Ralph Abraham, No. 2 official at CDC, abruptly steps down

STAT News · Feb 23, 2026 · Collected from RSS

Summary

The No. 2 official at the CDC has resigned, adding to the drama and chaos surrounding the agency's leadership.

Full Article

The drama and chaos surrounding the leadership of the Centers for Disease Control and Prevention have taken another twist, with the announcement Monday that the agency’s No. 2 official, Ralph Abraham, has resigned. A statement posted to the CDC’s website said Abraham, a former Louisiana surgeon general who was sworn in as the agency’s deputy secretary general only 2 1/2 months ago, stepped down to address “unforeseen family obligations.” The resignation is effective immediately. “It has been an honor to serve alongside the dedicated public health professionals at the CDC and to support the agency’s critical mission,” Abraham said in the statement.

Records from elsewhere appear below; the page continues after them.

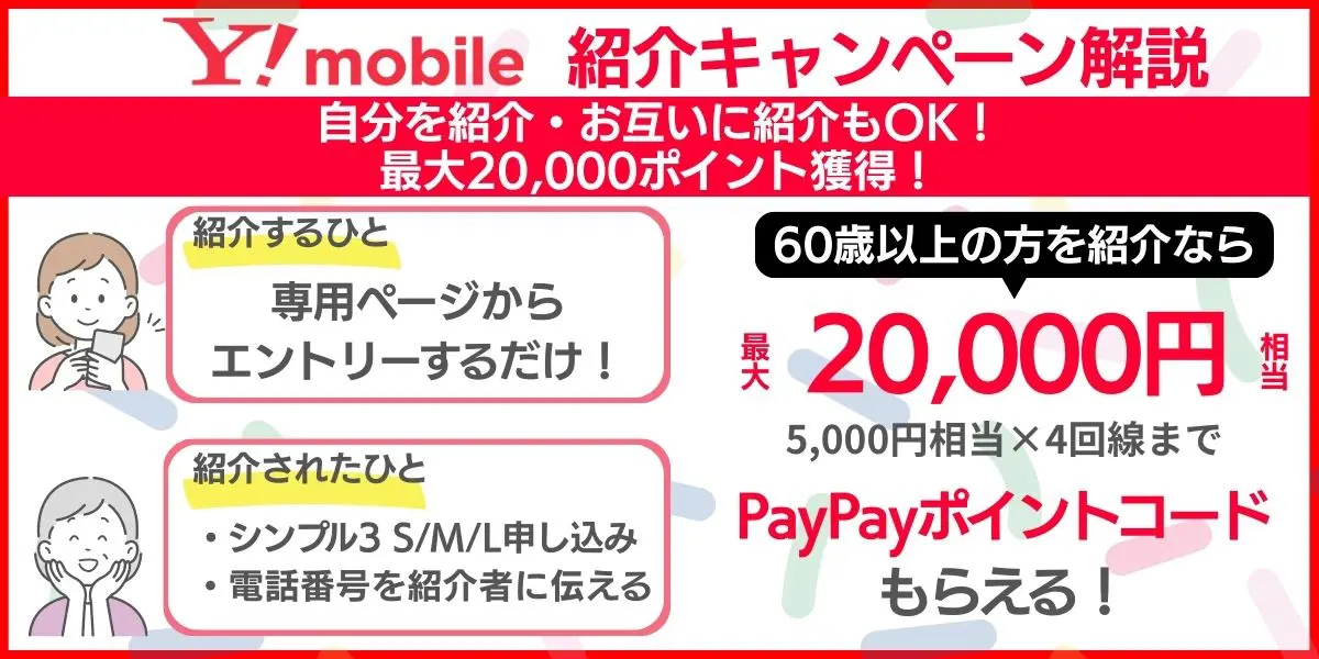 本記事では、ロケホン編集部で調査した紹介されたひとがワイモバイルを契約する場合に20,000円相当のポイントがもらえる方法と、自分で自分を紹介して特典をもらう方法もあわせて解説します。
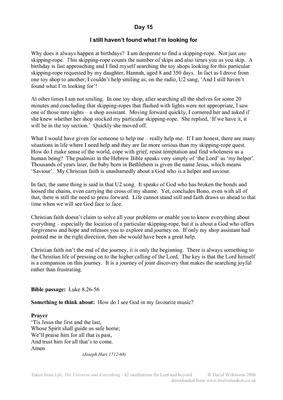 Thoughts taken from TV, Books and life experiences on various topics and given a Christian slant to stimulate thoughts. The topic here for Day 15 is about seeing God as a helper and saviour, and reflecting on some lyrics by U2.
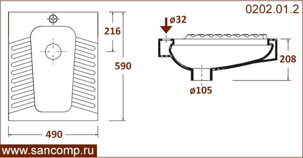 | сверху ø 32 | есть | вертикальный ø105 | |

The CDC is theoretically being led by Jay Bhattacharya, who is also the director of the National Institutes of Health. Bhattacharya was named acting CDC director last week. But there is no expectation that the NIH director will be relocating to Atlanta or even spending significant amounts of time there. His predecessor, Jim O’Neill — who was also juggling two jobs, the other being the deputy health secretary — was also based in Washington. Abraham, who began the CDC job in early January after being sworn in in December, was actually physically present at the CDC’s headquarters in Atlanta. People familiar with the CDC’s operations believe the organization is being run by a group of political appointees in the office of the director, most of whom have no medical or public health experience. The CDC has only had a full-time director for four weeks in the current Trump administration. Susan Monarez, who briefly held that position, was fired late last August when she refused to agree to accept all vaccination policy recommendations from an advisory panel that health secretary Robert F. Kennedy Jr. stacked with anti-vaccine figures.